El Salmo 34 también nos invita: “Gustad y ved qué bueno es el Señor.” Es legítimo pedir gracias sensibles para poder experimentar, a través de nuestra emotividad y nuestro cuerpo, algo del misterio de Dios y de las verdades de la fe. El cristianismo es la religión de la Encarnación: creemos en un Dios que se ha hecho carne, que ha tomado un cuerpo humano. ¡Los pastores lo hallaron hecho Niño, acostado en un pesebre! Hallaron a Jesús, verdadero Dios y verdadero Hombre. El cristianismo es también la religión de la resurrección de la carne, y lo confesamos en el Credo: “Creo en la resurrección de la carne”, “Espero la resurrección de los muertos y la vida del mundo futuro.”
En este momento de silencio, los invito a meditar si somos testigos de ese Dios encarnado, del Dios-Amor que ha venido a nosotros en forma de Niño, comenzando en nuestro propio hogar.
¿Te has preguntado por qué la Navidad se celebra en el hogar, con la familia?
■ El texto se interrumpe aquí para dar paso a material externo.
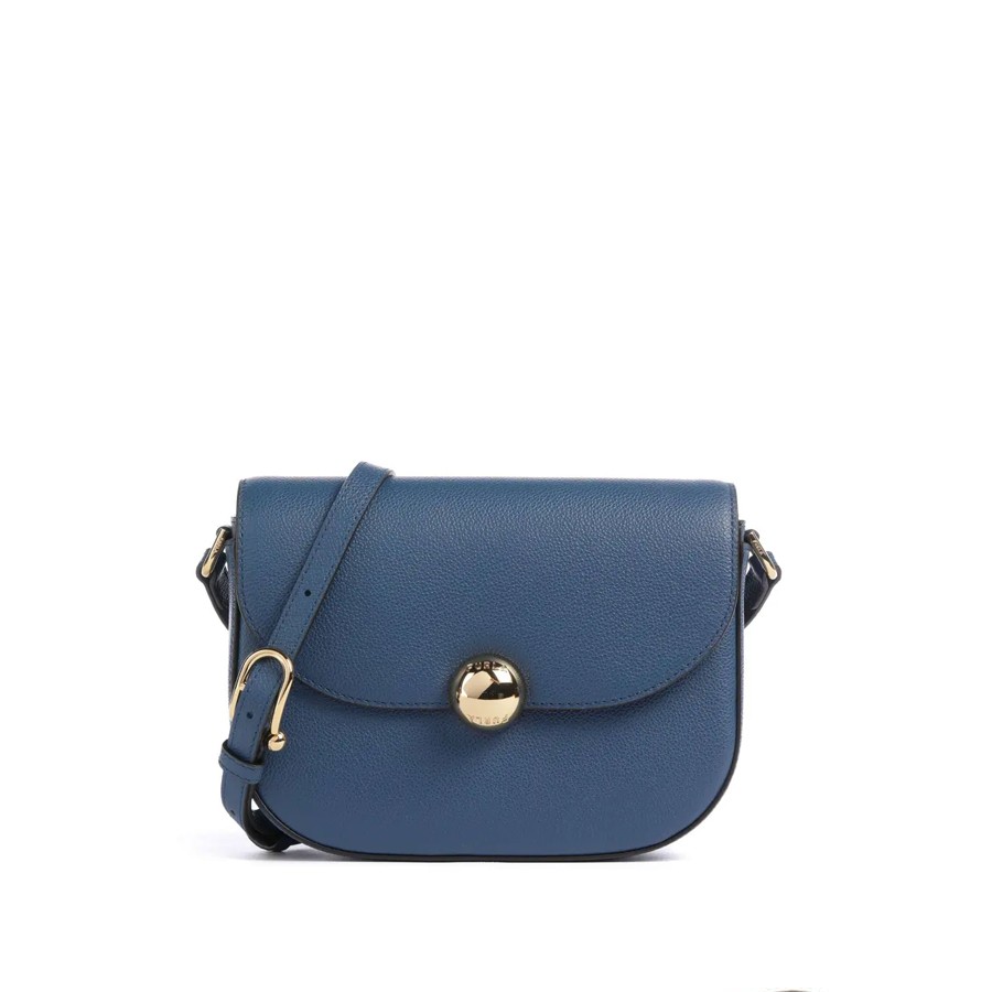 Perfect crossbody with a timeless allure: Furla Moonlight stands out for its saddle design with rounded soft lines. The body of the bag is entirely made of fine leather with a light hammered finish. The small and compact format is made distinctive by the closure with flap and magnetic button decorated with the iconic Ball logo. - Internal pocket with zip closure - Adjustable leather shoulder strap - Printed Furla logo
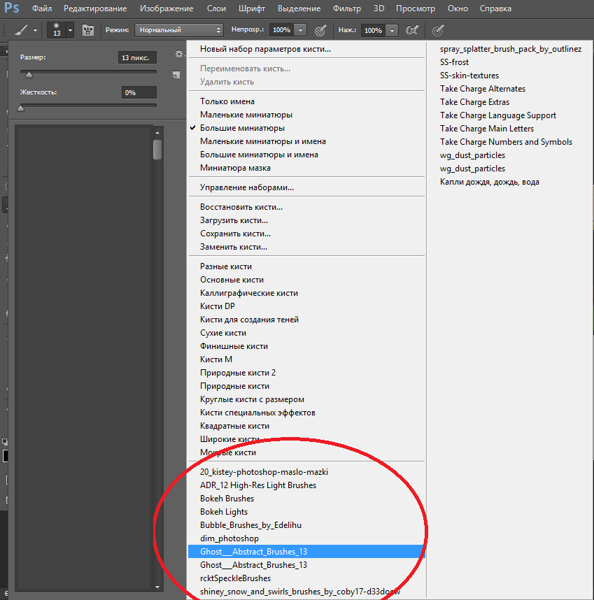 Выберите и укажите в проводнике путь в файлу с кистями. После этого опять необходимо выбрать «Загрузить». Дополнительный набор кистей отобразится у вас в нижней части списка.
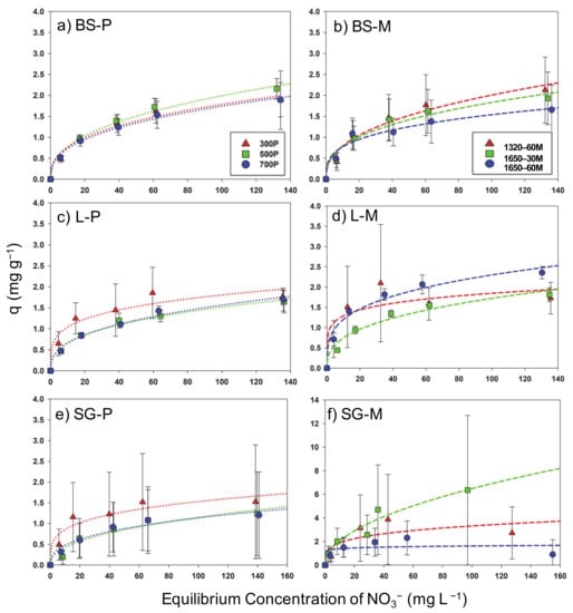 Sorption isotherms of NO3− for biochar specimens. Pyrolysis-derived biochar: (a,c,e); microwave-mediated biochar: (b,d,f). (Dashed lines indicate fitted Fruendlich sorption model for respective colored data). L: Water oak leaves; SG: Switchgrass P: Slow pyrolysis; M: Microwave pyrolysis.

Madre Teresa de Calcuta, en su libro Sobre tus huellas, decía que el amor debe comenzar en casa. Ahí es donde nace y debe vivir. Cuando no hay amor en el hogar, esto se convierte en la causa de tanto sufrimiento y tanta infelicidad en el mundo. Hoy en día, el mundo parece estar dominado por la prisa, por la ansiedad de desarrollar riquezas. Los niños tienen muy poco tiempo con sus padres, y los padres, muy poco tiempo para sus hijos. Sin amor en el hogar, comienza la destrucción de la paz del mundo.
Sin embargo, también debemos reconocer los límites de la sensibilidad. Dios es infinitamente más grande y está más allá de lo que la sensibilidad puede captar. La búsqueda de lo sensible puede convertirse en un fin en sí mismo, llevándonos a apegos y a la falta de libertad.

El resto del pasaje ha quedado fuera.